What is Computer-Using Agent (CUA)?

OpenAI's "Computer-Using Agent" (CUA) is an innovative AI model that can operate computers through graphical user interfaces (GUIs). It has the unprecedented ability to see the screen, click buttons, fill out forms, and navigate menus just like a human user would.

CUA has been released as a research preview called "Operator," allowing users to execute complex computer tasks by simply giving natural language instructions. For example, you could say "Book a flight to New York next week," and Operator would navigate travel websites, search for flights, and complete the booking process.

How CUA Works

CUA processes pixel data from screenshots to understand what's happening on screen and interacts with interfaces like a human would. This eliminates the need for platform-specific APIs to operate various applications. The process is divided into three main steps:

1. Perception

CUA takes screenshots of the computer screen to understand the context of the digital environment.

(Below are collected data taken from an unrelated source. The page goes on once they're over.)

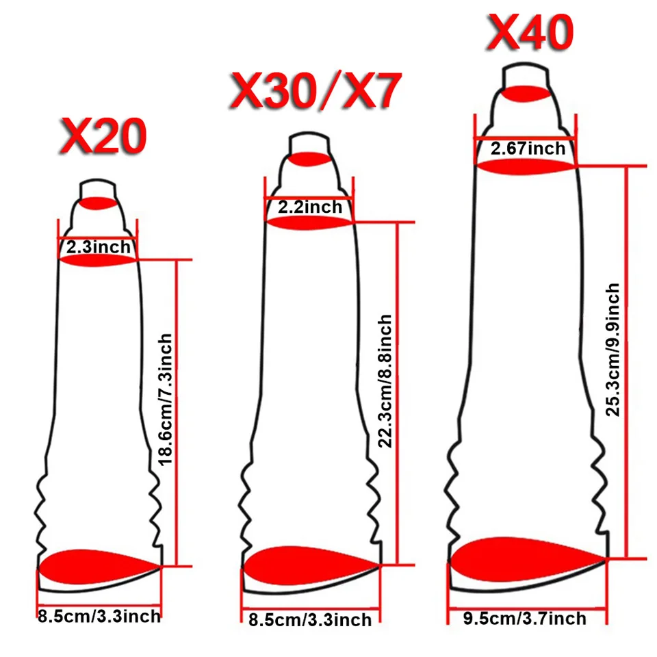 X20 насос: 1,96 дюйма * 7,48 дюйма (подходит для эрекции полового члена длиной менее 15 см)X30 насос: 1,96 дюйма * 8,66 дюйма (подходит для эрекции пениса длиной более 15 см и менее 18 см)X40 насоса: 2,56 дюймов * 9,84 дюймов (подходит для увеличения пениса длина больше, чем 18 см и менее 22 см)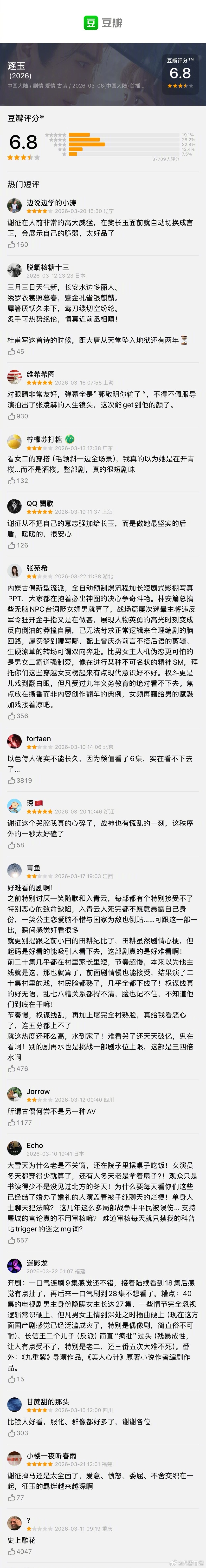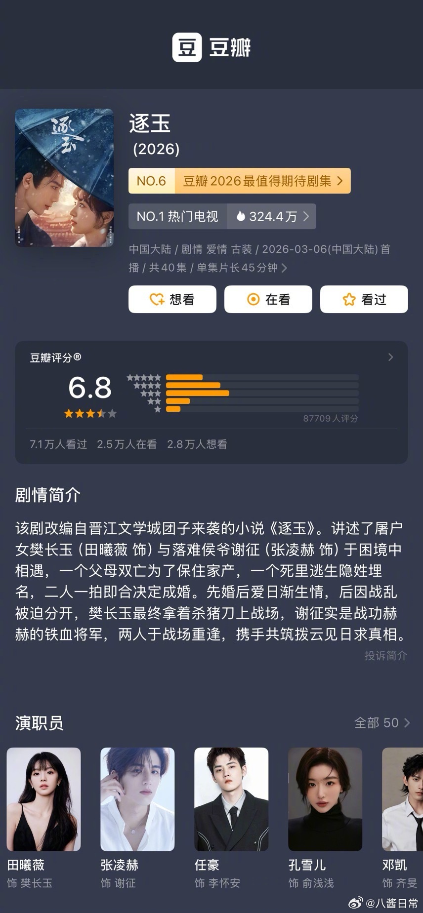 张凌赫、田曦薇《逐玉》豆瓣开分6.8分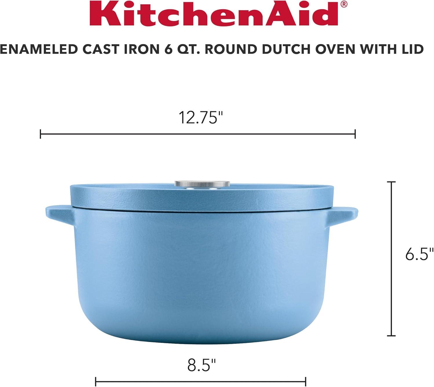 KitchenAid Enameled Cast Iron Dutch Oven/Casserole, 6 Quart, Blue Velvet(Blue Velvet)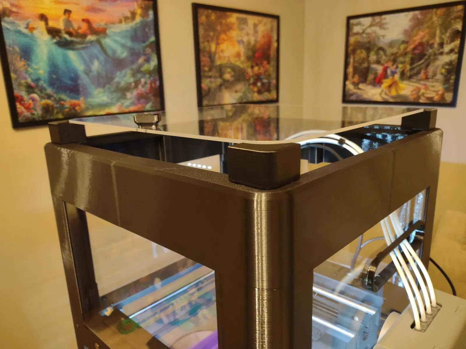 Đây là bản cải tiến từ mẫu của Dzung Vu, vừa dùng để giữ tấm mica trên cùng, vừa tận dụng làm lỗ thông gió khi in các loại nhựa như PLA. Thiết kế gồm 2 phần riêng biệt cho các vị trí khác nhau trên máy Flashforge AD5X, rất dễ lắp đặt.

These visual inputs form the foundation for decision-making.

2. Reasoning

Using chain-of-thought reasoning, CUA evaluates its observations and tracks progress across intermediate steps. By analyzing past and current screenshots, the system dynamically adapts to new challenges and unexpected changes.

3. Action

Using a virtual mouse and keyboard, CUA executes tasks like typing, clicking, and scrolling. For sensitive tasks, such as handling login credentials or solving CAPTCHA challenges, the system requests user confirmation to ensure security.

This structured workflow allows CUA to navigate complex multi-step tasks and self-correct when encountering errors, making it a powerful tool for digital problem-solving.

CUA's Key Capabilities and Benchmarks

CUA sets new benchmarks in both computer use and browser-based tasks, demonstrating flexibility across different environments. Its performance has been evaluated using platforms like OSWorld, WebArena, and WebVoyager:

  • OSWorld: CUA achieved a 38.1% success rate for general computer-use tasks, far exceeding the previous state-of-the-art (SOTA) result of 22.0%.
  • WebArena: On this benchmark, which simulates real-world tasks in e-commerce and content management, CUA scored 58.1%, outperforming the prior SOTA of 36.2%.
  • WebVoyager: Testing live website interactions (e.g., Amazon, GitHub), CUA matched human performance with an 87% success rate.

These benchmarks highlight CUA's ability to operate effectively across digital environments using a single general interface of screen, mouse, and keyboard. However, there is still room for improvement in more complex scenarios, such as WebArena tasks, where human success rates are higher.

CUA's Advanced Features: Flexibility and Adaptability

One of the most remarkable aspects of CUA is its ability to break tasks into multi-step plans and adapt dynamically when faced with challenges. For example, if a webpage fails to load correctly or a task diverts from the expected path, CUA can adjust its strategy in real-time. This flexibility stems from its integration of GUI perception with structured problem-solving.

CUA Safety Protocols

OpenAI has prioritized safety in the development of CUA, recognizing the risks associated with giving AI systems access to digital environments. Key measures include:

  • User Confirmation: For sensitive actions like handling passwords or personal data, CUA requests explicit user approval.
  • Operator System Card: A detailed system card outlines the safeguards in place, ensuring transparency and accountability.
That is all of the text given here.